For 28 years, Yvette Norton lived at the James E. Scott homes, a dingy and often dangerous Liberty City public housing project. But it was home and it was her community, a place of deep roots and lifelong bonds shared by hundreds of families.
When Miami-Dade’s housing agency decided to tear it down along with the smaller, adjacent Carver homes, scattering 1,150 residents across the county, Norton and many of her neighbors were pained to go. There was one balm, though: The county pledged to replace the housing project with a real neighborhood of attractive homes, apartments, trees and amenities, and said there would be a place for those who wanted to return.
What they could not know then is that it would take more than 10 years, complicated legal and public relations battles, and one of the biggest scandals to hit the housing agency for the county to do what it promised.
Norton has just moved into a sparkling two-bedroom terrace apartment with her 18-year-old granddaughter. It’s in the new NorthPark at Scott Carver, a community of 354 mixed-income apartments and town homes arranged in tree-lined clusters along new suburban-style blocks, where rows of barracks-like public housing once stood. Two sections are done, and a third will open by November.
When complete, the $84 million development, which straddles Northwest 22nd Avenue from 75th Street south to the Florida East Coast rail tracks, will be dotted with playgrounds, a community center with a swimming pool, a gym and a computer lounge.
It’s no longer a housing project, but a publicly subsidized, privately built and managed development with scaled rents depending on income. They range from 70 apartments with market rents starting at $651, to 107 homes set aside for low- and moderate-income income families. The other 177 are public housing apartments, with rents going all the way down to zero for the poorest residents.
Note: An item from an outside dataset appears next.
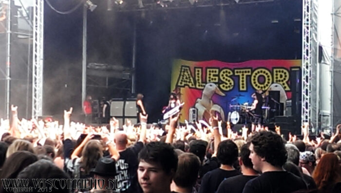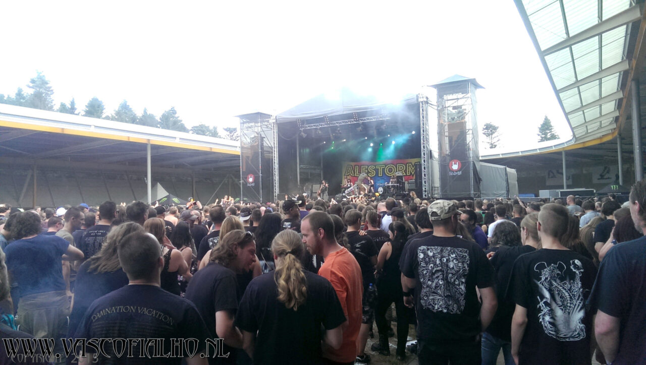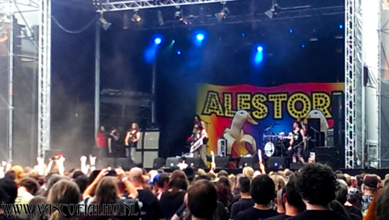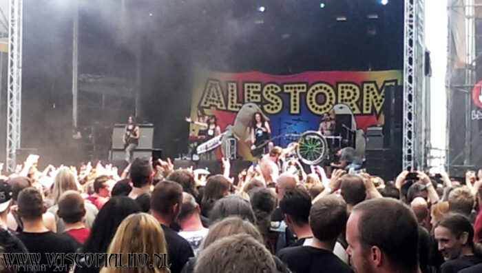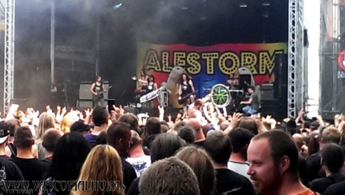 Next up was Alestorm. I finally got why there were so many pirate hats walking about the festival. I had truly never heard of these guys. Musically not really my cup of tea, or mug of beer for that matter, but it was a fun show to watch. Pirates are out to steal our beer… They can go ahead… I don’t drink anyway.. ;). I enjoyed this show from the back of the festival ground. This was the moment I went for a big bag of fries.

But there is nothing to tell one kind of unit from the others.
“I feel good about having my new home,’’ said Norton, who moved three times during her exile, first to a Section 8 home and then to another housing project before her return. “I love it. They didn’t just throw something up. I will give them that much.’’
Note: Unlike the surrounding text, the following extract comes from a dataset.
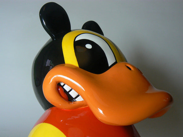 Micky Duck sculpture. Designed by HuskMitNavn and produced by toykyo.be 24x19x15 cm. Handmade in Belgium. Hand painted porcelain. Edition of 12. For sale at Charlotte Fogh Contemporay in Århus and V1 Gallery in Copenhagen

The experience still clearly smarts, though. It turned Norton and several of her old neighbors into community activists under the aegis of the Miami Workers Center, which helped them organize to fight for the county commitment to replace all 850 demolished units, locate hundreds of original Scott Carver tenants after the county lost track of them, and then win their right to first dibs on the new homes.
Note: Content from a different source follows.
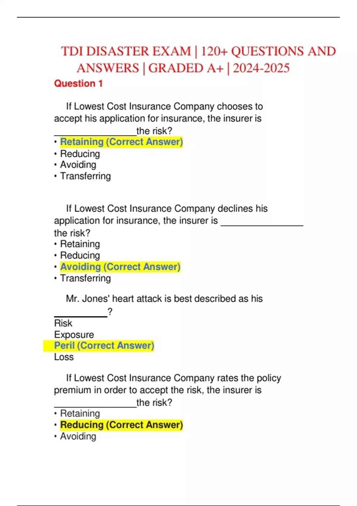 TDI DISASTER EXAM | 120+ QUESTIONS AND ANSWERS | GRADED A+ | Question 1 If Lowest Cost Insurance Company chooses to accept his application for insurance, the insurer is the risk? • Retaining (Correct Answer) • Reducing • Avoiding • Transferring If Lowest Cost Insurance Company declines his application for insurance, the insurer is the risk? • Retaining • Reducing • Avoiding (Correct Answer) • Transferring Mr. Jones' heart attack is best described as his ? Risk Exposure Peril (Correct Answer) Loss If Lowest Cost Insurance Company rates the policy premium in order to accept the risk, the insurer is the risk? • Retaining • Reducing (Correct Answer) • Avoiding • Transferring Question 2 When Mr. Ames policy is issued, who would be considered his ceding company or companies? • ABC Insurance Corp. • AIG • Allstate Insurance • ProActive Corp. (Correct Answer) All of the following Element of Insurable Risk are required by an insurer in order to issue a policy EXCEPT: • The loss must be uncertain in order for an insurer to accept a proposed risk. • Loss must be certain (Correct Answer) • Economic Hardship • Large number of homogenous units Correct If Mr. Ames (the insured) dies, which insurer will issue the check to his loved ones? ProActive Insurer Corp. (Correct Answer) ABC Insurance Corp. AIG Allstate Insurance There are different forms of Reinsuring Agreements between Insurers. ABC Insurance Corp. routinely handles potential risk and reinsures losses as they are accepted by ProActive Insurer Corp. Which form below best describes the reinsuring agreement in effect with ABC Insurance Corp? • Facultative Treaty (Correct Answer) Normal Ceding Question 3 The allows the insurer to predict their future losses in a particular group of policyholders. • Morbidity Table • Loss Ratio • Experience Rating • Law of Large Numbers (Correct Answer) Which of the following groups of people would be considered the best definition of Adverse Selection'? • A group of farmers. (Correct Answer) • A group of young interns • A group of secretaries • A group of college students Which of the following private insurers are considered 'PAR'? Stock Companies Mutual Companies (Correct Answer) Non-Profit Service Organizations Special Non-Profit Organizations Which of the following private insurers are considered NON-PAR'? • Stock Companies (Correct Answer) • Mutual Companies • Non-Profit Service Organizations • Special Non-Profit Organizations Question 4 The Airman's Lodge would be considered to be which type of an insurer? • Reciprocal Insurer • Risk Retention Group • Fraternal Association (Correct Answer) • Purchasing Group This insurer's price per thousand for life insurance for their members started at pennies per thousand. However, this year there were more losses than expected in their earlier planning years. Therefore this type of insurer is allowed (without permission or endorsement to the original policy) to read just their cost per thousand for life coverage and begin charging their members the new pricing immediately. Which type of private insurer best describes this insurer? • Reciprocal Insurer • Lloyd's of London • Fraternal Association (Correct Answer) • Purchasing Group This type insurer would insure Tom Brady's arm as a quarterback and his way of making a living? Reciprocal Insurer Risk Retention Group (Correct Answer) Fraternal Association Purchasing Group 4. This type insurer would provide for hole in one indemnity at a golfing tournament! Reciprocal Insurer Risk Retention Group (Correct Answer) Fraternal Association Purchasing Group Correct Question 5 Best Valued Insurance Company doing business in Atlanta, Georgia would be considered a/an Insurer. • Domestic • Foreign (Correct Answer) • Admitted • Alien Best Valued Insurance Company doing business in Europe would be considered a/an Insurer. • Domestic • Foreign • Admitted • Alien (Correct Answer) Best Valued Insurance Company doing business in Houston, Texas would be considered a/an Insurer. Domestic (Correct Answer) Foreign Admitted Alien 4. Best Valued Insurance Company doing business in Juarez, Mexico would be considered a/an Insurer. Domestic Foreign Admitted Alien (Correct Answer) Question 6 Joe represents six different insurance companies and is paid based on his earned commissions. He is the best example of a/an . • Independent (Correct Answer) • Captive/Exclusive • General Agent • Direct Writer Julie is a supervisor & manages several agents for ABC Insurance Corp. She cannot represent any other insurance carrier except for the one in which she represents now. She is the best example of a/an . • Independent • Captive/Exclusive • General Agent (Correct Answer) • Direct Writer Okay Insurance Corporation has received the strongest financial rating position. Choose which of the following would be the published rating position for public view? 100 A++ A+ Superior (Correct Answer) AAA Betsy Sue works in the bank offering their customers only credit life insurance on their new loans. She does not receive additional compensation if a customer purchases the insurance. She is the best example of a/an . • Independent • Captive/Exclusive • General Agent • Direct Writer (Correct Answer) Question 7 Mr. Jones choose to purchase travel accidental coverage to protect his loved ones for his flight to New York. Which type of Mass Marketing did he purchase? • Direct Response • Franchise Marketing • Non-Insurance Sponsors • Vending Machine (Correct Answer) Mr. Jones is a member of the Business Men Of Texas Association and purchases Life and Health coverage through the association. Which type of Mass Marketing did he purchase? • Direct Response • Franchise Marketing (Correct Answer) • Non-Insurance Sponsors • Vending Machine ABC Insurance Corp. conducts their advertising on television. Which form of mass marketing do they use? Direct R

“We were scattered all over, some people as far as Georgia,’’ Norton recalled. “Some people were homeless and living in their cars. But the county had no answers for us.’’
The group even managed to save one original Scott homes building, which the county historic preservation board declared a protected landmark. It will be turned into a museum.
“If we hadn’t fought, we wouldn’t have what we got now,’’ said Norton’s longtime friend and fellow combatant Yvonne Stratford, a former Carver resident who finished raising her children after being moved to another rundown project, Annie M. Coleman Gardens, and is now on the waiting list for a one-bedroom apartment in the new development.